Extract PDF Invoices from Email
How to pull PDF invoices out of Gmail, Outlook, and IMAP inboxes. API endpoints, attachment decoding, encrypted PDFs, forwarded chains, and when writing the script stops being worth it.

Every finance team eventually wants the same thing: a script that logs into an inbox, finds the PDF invoices, pulls them out, and drops them somewhere useful. In the abstract this is a Saturday afternoon project. In practice it becomes a small internal product with its own bugs, maintenance schedule, and failure modes that only surface in production.
This guide covers the actual mechanics: three PDF-in-email patterns developers encounter, the API code paths for Gmail, Microsoft Graph, and raw IMAP, how to deal with encrypted attachments and forwarded-as-attachment chains, the edge cases that eat a weekend, storage and indexing after retrieval, and an honest accounting of when to build versus when to buy a service.
Three PDF-in-email patterns and why they matter
The first thing that surprises engineers new to invoice extraction is that "the PDF is in the email" is not one shape. There are at least three distinct patterns, each requiring different code.
Pattern 1: Direct inline attachment. An email arrives with a PDF physically embedded in its MIME body. The subject is something like "Invoice #1047 from Acme Corp." The attachment shows up in any mail client, and the Gmail API or IMAP FETCH returns the bytes directly. Stripe, PayPal, AWS, Google Workspace, GitHub, Vercel, and most B2B SaaS billing platforms use this pattern. These are the easiest to capture: walk the MIME parts, find entries with a .pdf filename and a non-empty attachment ID, and download.

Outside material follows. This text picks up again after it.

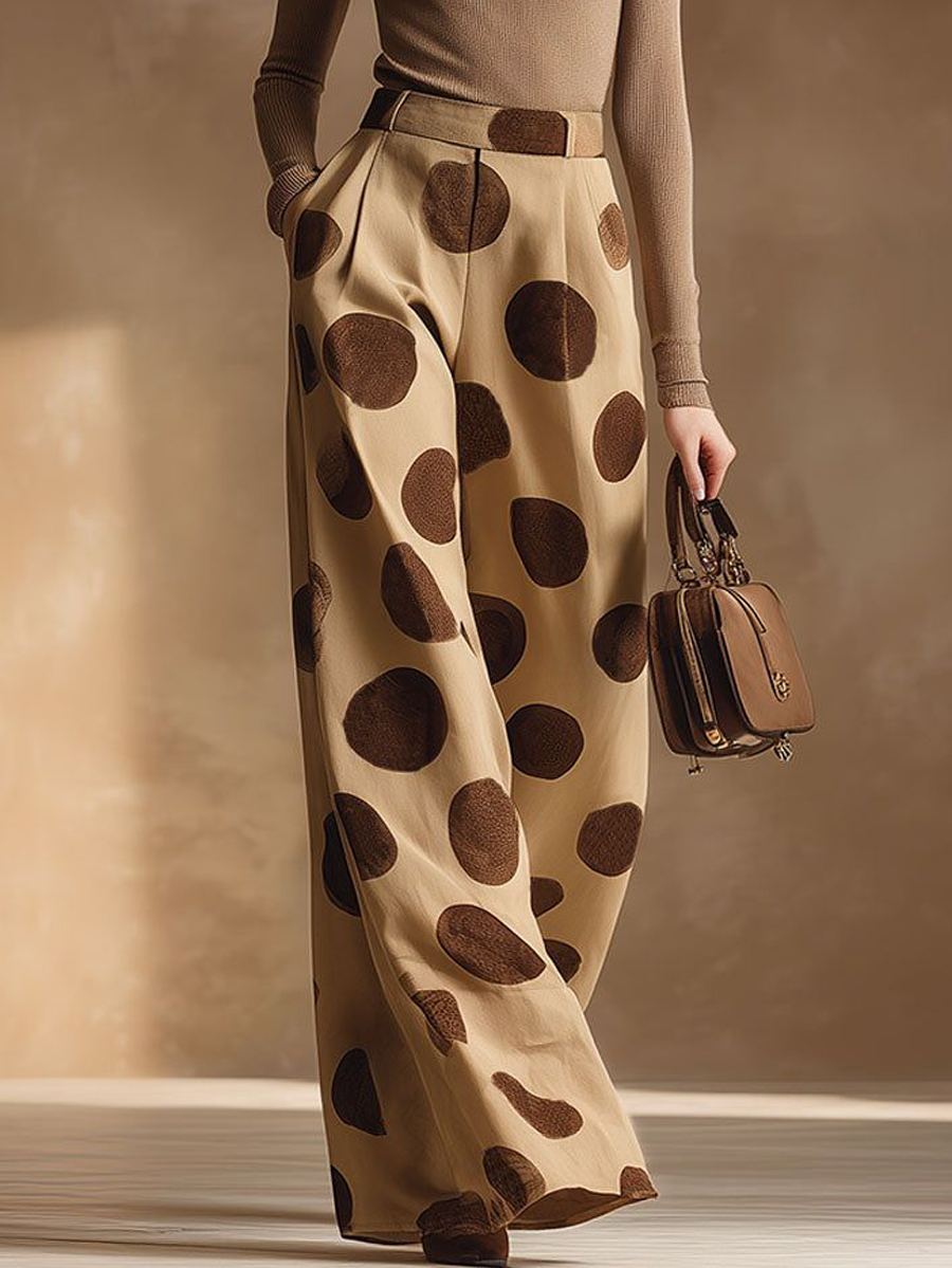Contrast Color Pockets Polka-Dot Split-Joint High Waisted Loose Suit Pants$52.99 USD -

Pattern 2: Linked PDF behind authentication. The email is a formatted HTML receipt. The PDF invoice lives on the vendor's portal, reachable through an authenticated link embedded in the body. The email itself contains no PDF bytes. Amazon Business, Uber for Business, Meta Ads, Google Ads, and most advertising platforms use this pattern. Naive extractors that only check MIME attachments silently miss every invoice from these vendors. Following the link requires either a vendor-specific portal integration or a browser-based tool that can authenticate and click through. For two of the most common cases, see the Amazon Business portal page and the Stripe portal page, which document the exact billing URLs and what the downloaded PDF looks like.
Pattern 3: Forwarded-as-attachment chains. A bookkeeper receives forwarded emails from clients. Depending on the client's mail client, the forward may arrive as inline-quoted text (the original message appears in the body) or as a message/rfc822 attachment (the original message is a nested email with its own attachments). The outer email has no PDF directly. The PDF is one or two levels inside the forward chain. A script that only walks top-level MIME parts misses every invoice inside these chains, which is a consistent failure mode for accounting firms handling client inboxes.
Build your extractor to handle all three, or budget for the silent gaps.
API code paths: Gmail, Microsoft Graph, and imaplib
Gmail API
The canonical Gmail extraction flow has four steps.
Authenticate with the right scope. The scope you want is https://www.googleapis.com/auth/gmail.readonly. This grants read access to messages and attachments without the ability to send, delete, or modify. Any tool requesting gmail.modify or broader access for extraction work is over-provisioning. Apps using sensitive Gmail scopes also need to complete Google's CASA third-party security assessment before leaving the test sandbox.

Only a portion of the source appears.